Work to complete: An exact copy of the data is required; the images should not appear in it.

Source material:
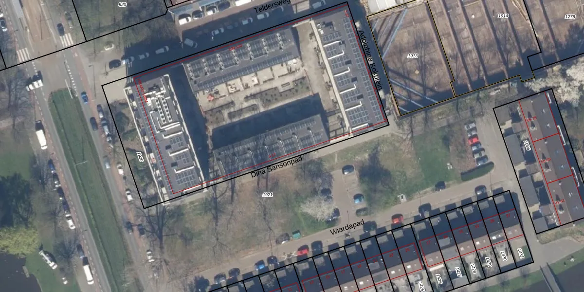 Het perceel waarop Dina Sansonpad 13 staat heeft een oppervlakte van 3951 m². Dit is een zeer groot perceel. De perceeloppervlakte wordt geregistreerd door het Kadaster. Gedetailleerde informatie over de maten van dit perceel kunt u vinden in het rapport Kadastrale kaart met maatvoering van Dina Sansonpad 13.
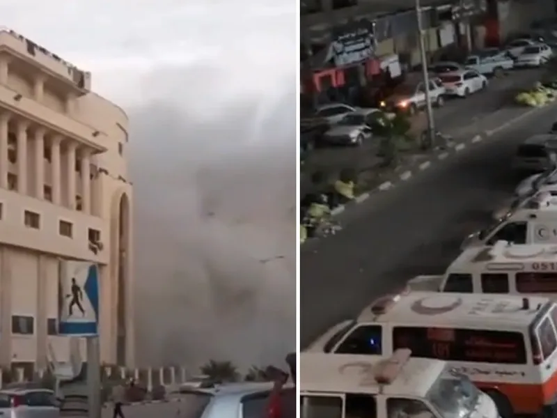 VIDEO Bombardamente intense lângă un spital al Semilunii Roșii din Gaza. Mii de refugiați sunt acolo
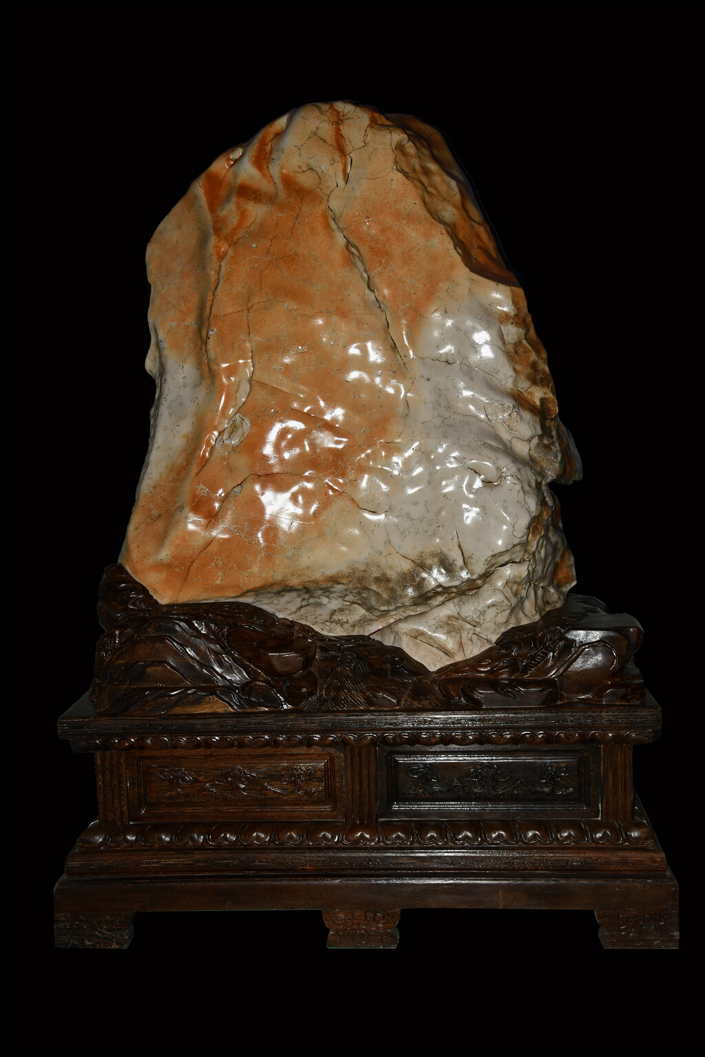 石質緻密,富含光澤,質感瑩潤,可以與陶瓷釉面相媲美表面的條痕、線紋,粗細深淺變化多樣,看上去極似窯變的蚯蚓線。尤其是石表大小起伏、層次分明的紋片,就像哥窯瓷器上的開片,美不勝收。
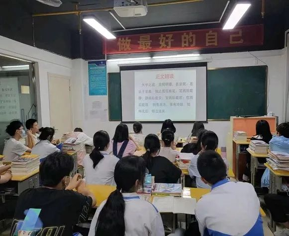 博觀而約取,厚積而薄發(fā)。在活動(dòng)期間,教師利用課前時(shí)間,在班級進(jìn)行國學(xué)經(jīng)典、愛國詩歌誦讀以及學(xué)科知識、優(yōu)秀人物故事分享,齊讀名人名言。由教師或班干部帶領(lǐng),做到“讀而常吟之”,“學(xué)而時(shí)習(xí)之”。經(jīng)典誦讀活動(dòng)的開展,把朗誦融入每一天,讓誦讀成為學(xué)生生活的一種習(xí)慣,一個(gè)愛好,使學(xué)生能夠在誦讀中品味,在品味中傳承,營造濃濃的書香校園氛圍。
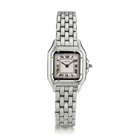 Ladies Cartier stainless steel Panther collection wristwatch. 23mm x 30mm case diameter. Cream dial with roman numeral hour markers. Stainless steel integrated panther bracelet. Solid caseback. Sapphire crystal. Quartz movement.
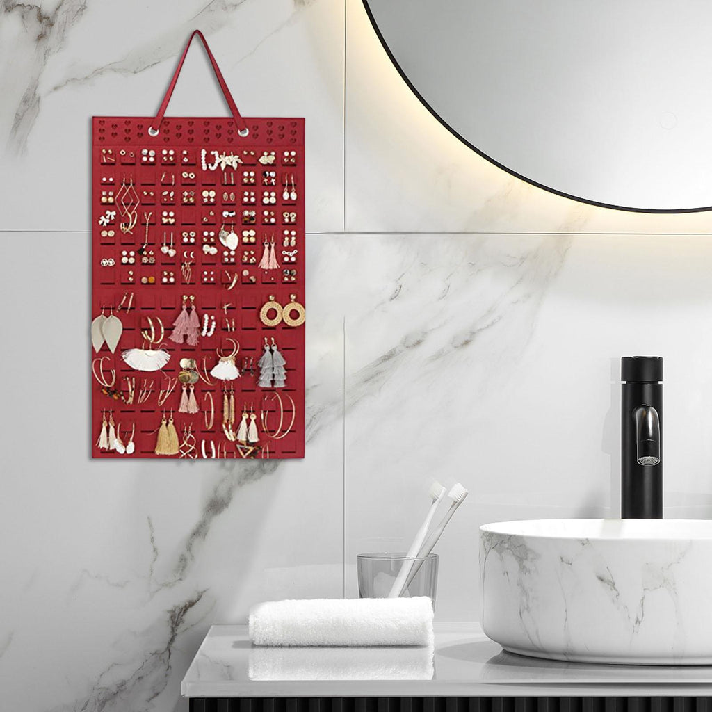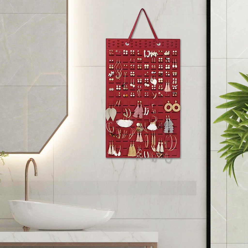 Maxbell Wall Hanging Earring Organizer Storage Holder Collection Home Decoration Red

Answer section:
 Het perceel waarop Dina Sansonpad 13 staat heeft een oppervlakte van 3951 m². Dit is een zeer groot perceel. De perceeloppervlakte wordt geregistreerd door het Kadaster. Gedetailleerde informatie over de maten van dit perceel kunt u vinden in het rapport Kadastrale kaart met maatvoering van Dina Sansonpad 13.
 VIDEO Bombardamente intense lângă un spital al Semilunii Roșii din Gaza. Mii de refugiați sunt acolo
 石質緻密,富含光澤,質感瑩潤,可以與陶瓷釉面相媲美表面的條痕、線紋,粗細深淺變化多樣,看上去極似窯變的蚯蚓線。尤其是石表大小起伏、層次分明的紋片,就像哥窯瓷器上的開片,美不勝收。
 博觀而約取,厚積而薄發(fā)。在活動(dòng)期間,教師利用課前時(shí)間,在班級進(jìn)行國學(xué)經(jīng)典、愛國詩歌誦讀以及學(xué)科知識、優(yōu)秀人物故事分享,齊讀名人名言。由教師或班干部帶領(lǐng),做到“讀而常吟之”,“學(xué)而時(shí)習(xí)之”。經(jīng)典誦讀活動(dòng)的開展,把朗誦融入每一天,讓誦讀成為學(xué)生生活的一種習(xí)慣,一個(gè)愛好,使學(xué)生能夠在誦讀中品味,在品味中傳承,營造濃濃的書香校園氛圍。
 Ladies Cartier stainless steel Panther collection wristwatch. 23mm x 30mm case diameter. Cream dial with roman numeral hour markers. Stainless steel integrated panther bracelet. Solid caseback. Sapphire crystal. Quartz movement.
 Maxbell Wall Hanging Earring Organizer Storage Holder Collection Home Decoration Red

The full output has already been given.